Hazony received enthusiastic feedback from Christians as well, such as from Tom Bryson, who read it with a family book club: “From start to finish, we appreciated the insights you provided on what has been for us, evangelical Christians, a fairly enigmatic book of the Bible.”

Bill Weisel is an attorney and immigrant to Israel from Los Angeles who has served as general counsel for four publicly traded Israeli high-tech companies. He has applied the book’s political teachings to law and business, writing: “With the ideas and analytical tools that you so clearly demonstrate in your book, I became more effective at certain aspects of my work. I began to teach and mentor both lawyers and business people about how to navigate each company’s unique decision-making system.”
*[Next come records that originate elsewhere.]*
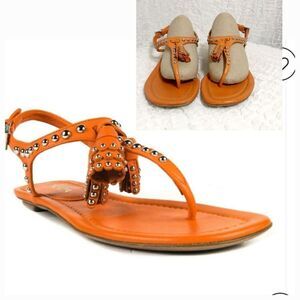 Orange leather sandals with studs and tassel details. Pre-owned in good condition. Please refer to pictures for best description and condition verification.
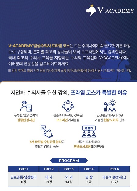 V-ACADEMY 운영을 맡은 김종인(VIP동물의료센터 청담점) 원장은 “모든 수의사에게 필요한 기본 과정을 체계적으로 정리한 프로그램”이라며 “제2기 프라임 코스가 만족도 4.8점(5점 만점)을 기록했을 정도로 호응이 높았던 만큼, 이번 3기 역시 실질적인 도움이 되는 교육이 될 수 있도록 준비했다”고 말했다.
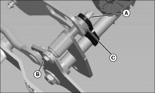 1. Remove and retain nut (A) and slide bolt (B) just enough to remove and retain spacer (C).
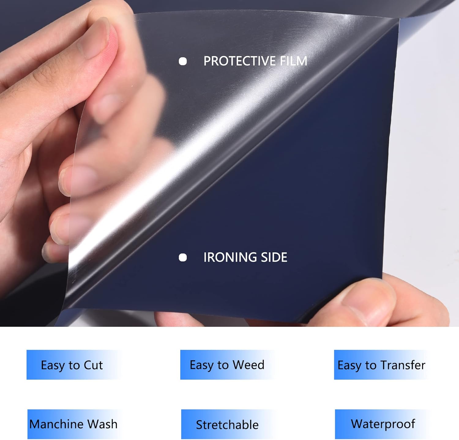 - Glossy heat transfer vinyl HTV: Our htv iron on vinyl is made out of the highest quality polyurethane that is incredibly strong, durable and vibrant fine Using the special technology, the htv is thin and extremely durable and soft. The whole weeding process just like a breeze at the help of sticky back.
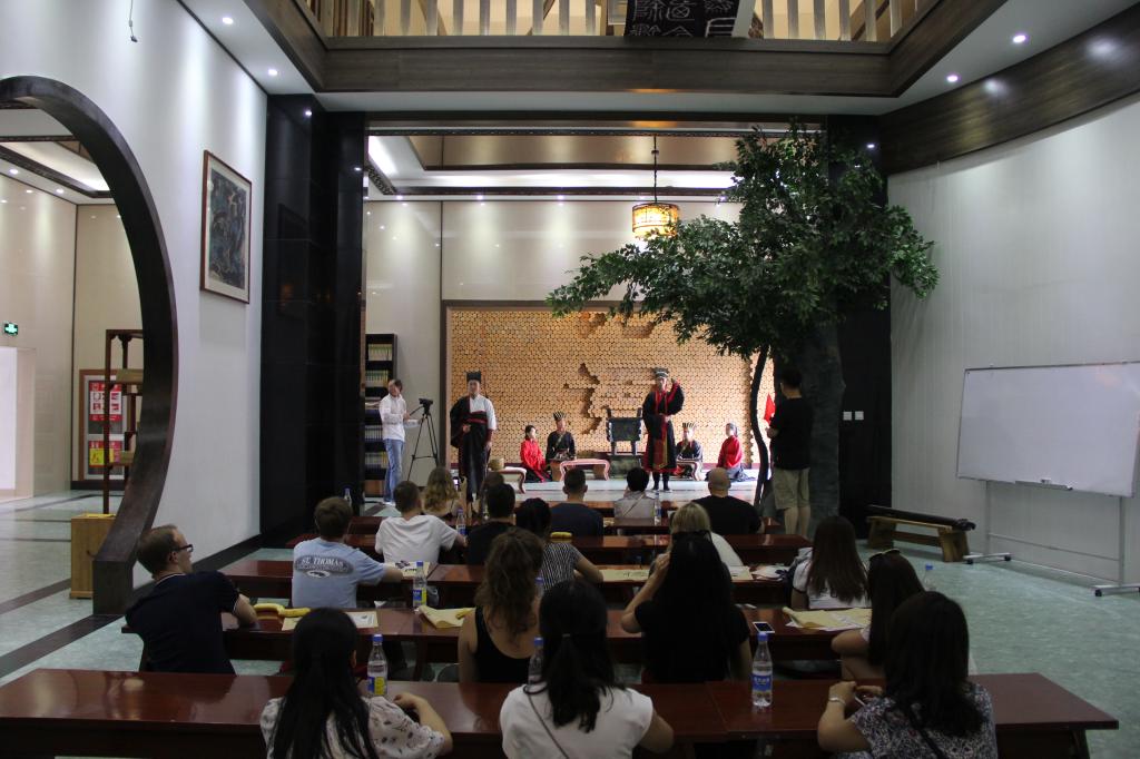 6月16日下午,成人短视频 大学生传统礼仪研修中心走出校园,为北京大学留学生进行传统礼仪展演。

While Hazony names Esther as the “miracle” of Purim, only one woman’s note appeared in the stack of emails. Miriam Krupka, head of the Tanach Department at the Ramaz School in New York, invited Hazony to speak to her students, saying, “My students and I have spent many a thought-provoking class discussing your perspectives, most particularly on the Book of Esther.”

But then there’s this reporter. I have written two books influenced by “God and Politics in Esther,” and back in 2011, I felt compelled to send a fan letter of my own, saying, “It is an enduring classic, and so amazingly written. Thank you for being such an inspiration.”